Mr Martin, however, said he never got the file and there was no discussion on this issue when he met Mr Kelly on March 10th.

"It is difficult to understand what purpose would have been served by referring such a file to my office as I was not being requested to sign the proposed letter or to contribute to the matter," Mr Martin told the Travers inquiry.

He added: "At no time did I shy away from sensitive issues because they might have cost implications or because they might reflect badly on governments . . . the fact is that this was not drawn to my attention either formally or informally at any time." Mr Travers observed that the failure of the department to seek the advice of the Attorney General following the December 2003 meeting was "highly deficient" and " inexplicable".

"That failure rests primarily with the management of the department. Absolutely no documentation was made available to me to demonstrate or to indicate that the minister had been fully and adequately briefed by the department on the serious nature of the issues arising, which the management of the department acknowledged carried significant potential legal, financial and political consequences.

"The special advisers to the minister might have been expected to be more active in examining and probing the underlying issues."

Mr Travers concluded there was no single reason for the almost 30-year delay by the department in seeking the Attorney General's advice.

"The explanation lies in a constellation of reasons. These included a strong desire to protect what was regarded as an important source of own income by the health boards, a failure to attach due weight to the legal concerns because of a somewhat unfounded belief that there was a defensible legal case for the practice, an undue concern about political sensitivity, the embedding of the practice over time appeared to have weakened any inclination by the Department of Health to question it."

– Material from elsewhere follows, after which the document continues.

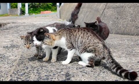 いつのまにやら、猫の数は何匹にも膨らんでいって、振り返れば背後にはたくさんの猫たちが追いかけてきていました。やがて防波堤に到着したご一行様です。

Other reasons included weaknesses of the risk assessment procedures in the department and "ultimately, poor overall corporate judgment in the Department of Health and Children in relation to the operational, legal, financial and political significance of the issues surrounding the practice of charge for long-stay care in health board institutions".

In summary, the report said, the fundamental reason for the long delay "lies in long-term systemic corporate failure".

"That failure is principally a failure of public administration which, essentially, failed to identify, recognise and acknowledge the difference between actions and practices widely regarded as fair and reasonable and supportive of the development and protection of essential public health services and actions and practices that were legally valid.

"The failure of administration was compounded by the fact that the solution to the dichotomy . . . was readily amenable to remedy through the introduction of a simple legislative amendment."

The failure was further compounded by ignoring for many years a range of legal advice which was left to one side in the persistent belief that the practices at issue were at least defensible in a legal sense, the report stated.